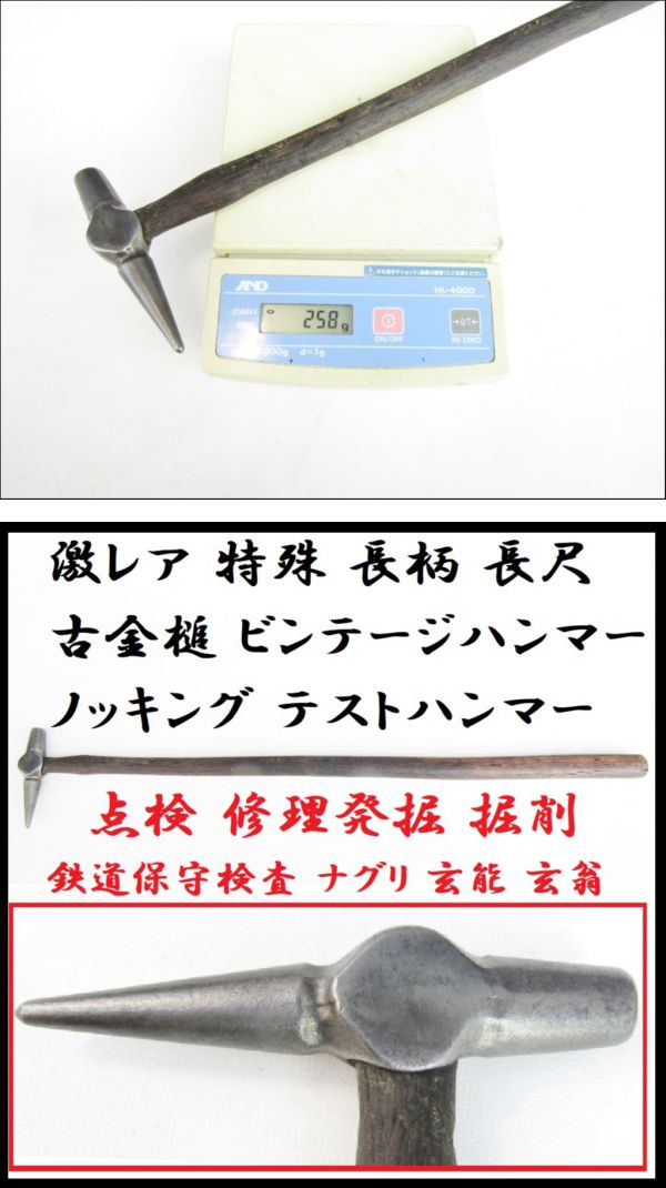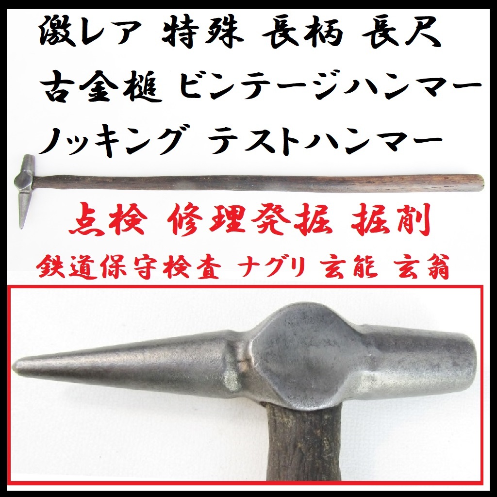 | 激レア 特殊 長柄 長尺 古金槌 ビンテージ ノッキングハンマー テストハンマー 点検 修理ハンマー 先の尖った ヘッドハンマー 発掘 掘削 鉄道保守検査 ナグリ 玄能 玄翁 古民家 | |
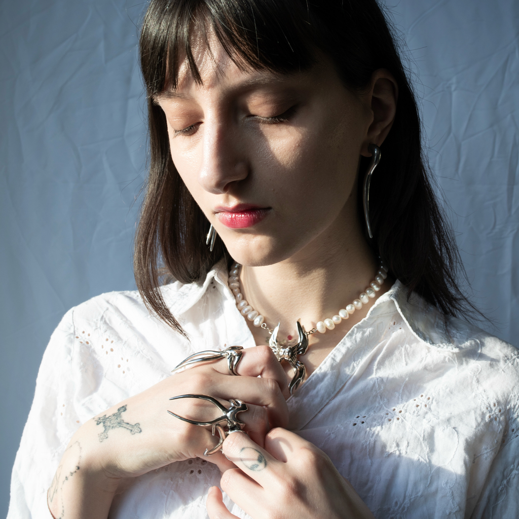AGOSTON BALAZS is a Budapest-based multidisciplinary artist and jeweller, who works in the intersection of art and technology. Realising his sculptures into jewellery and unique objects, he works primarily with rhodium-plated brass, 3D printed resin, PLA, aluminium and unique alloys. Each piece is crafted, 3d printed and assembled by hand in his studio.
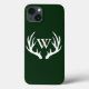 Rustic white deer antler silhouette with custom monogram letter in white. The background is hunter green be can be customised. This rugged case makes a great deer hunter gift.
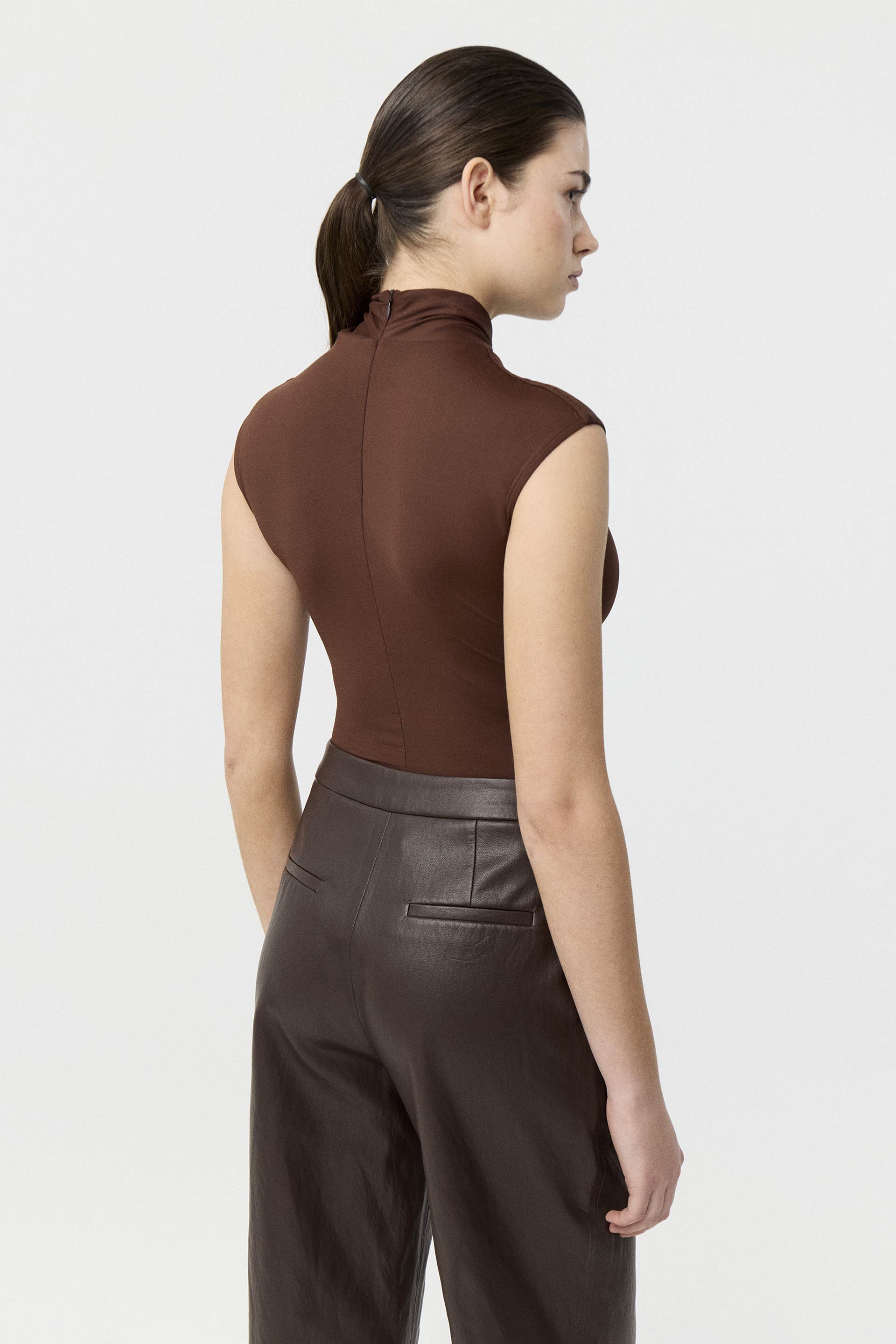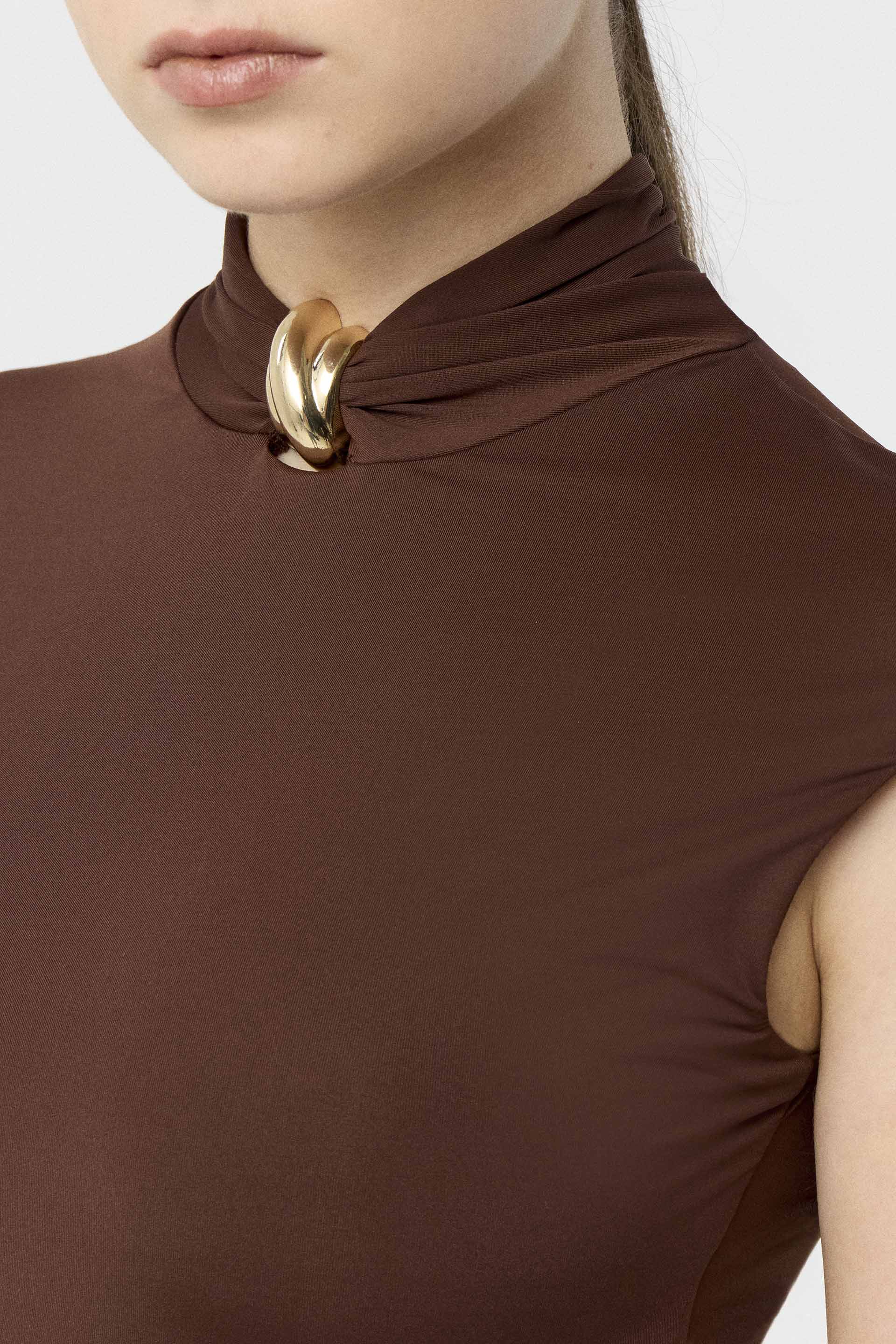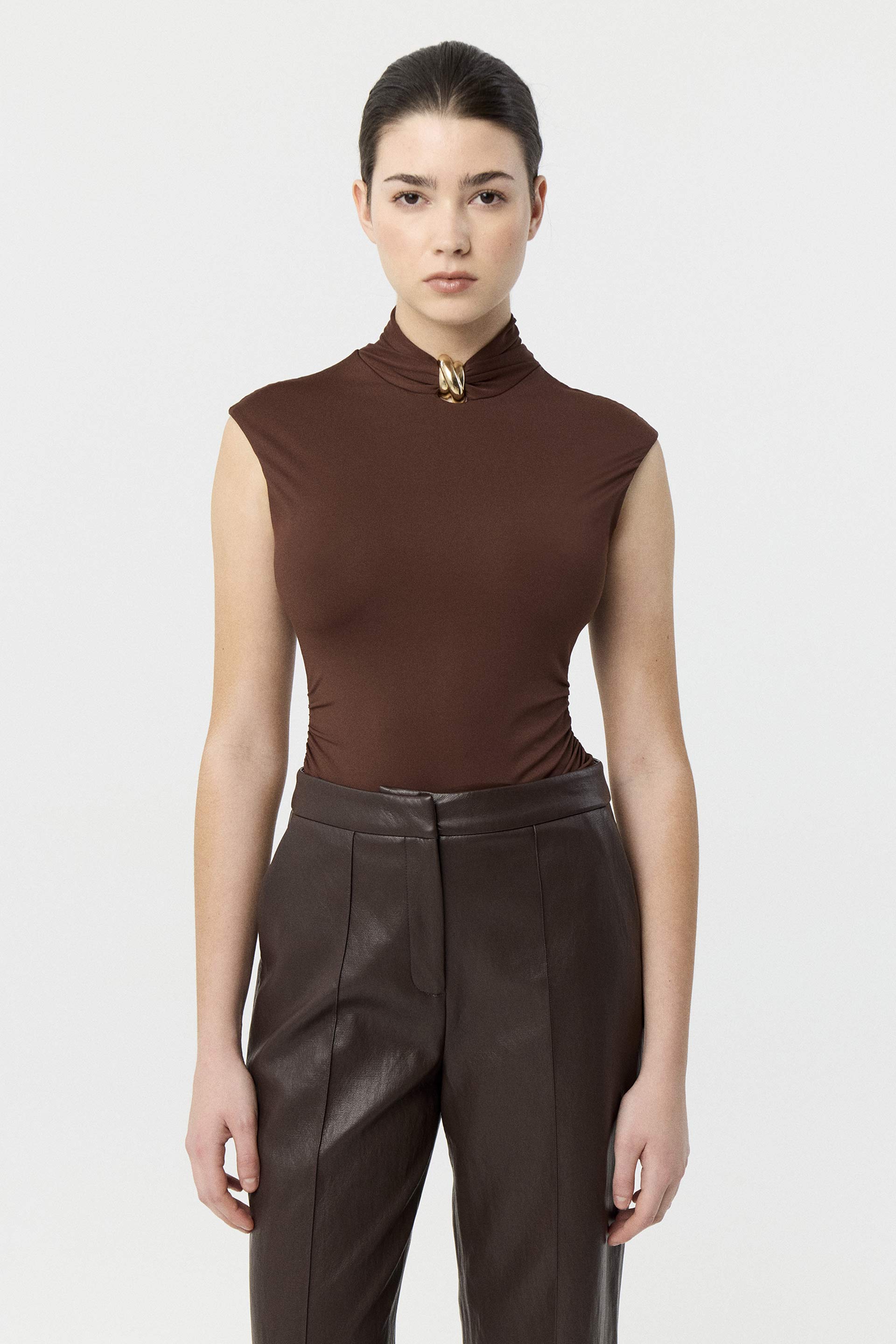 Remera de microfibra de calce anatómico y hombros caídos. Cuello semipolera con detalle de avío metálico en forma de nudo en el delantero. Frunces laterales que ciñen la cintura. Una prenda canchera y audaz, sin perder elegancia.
┄┄┄┄┄┄┄┄┄┄┄┄┄┄┄┄┄┄┄┄
What is required:
With pictures left out, repeat exactly the lines from the one containing "Rustic white deer" through the last line of the data above, inclusive, and nothing else.

Answer section:
 Rustic white deer antler silhouette with custom monogram letter in white. The background is hunter green be can be customised. This rugged case makes a great deer hunter gift.
 Remera de microfibra de calce anatómico y hombros caídos. Cuello semipolera con detalle de avío metálico en forma de nudo en el delantero. Frunces laterales que ciñen la cintura. Una prenda canchera y audaz, sin perder elegancia.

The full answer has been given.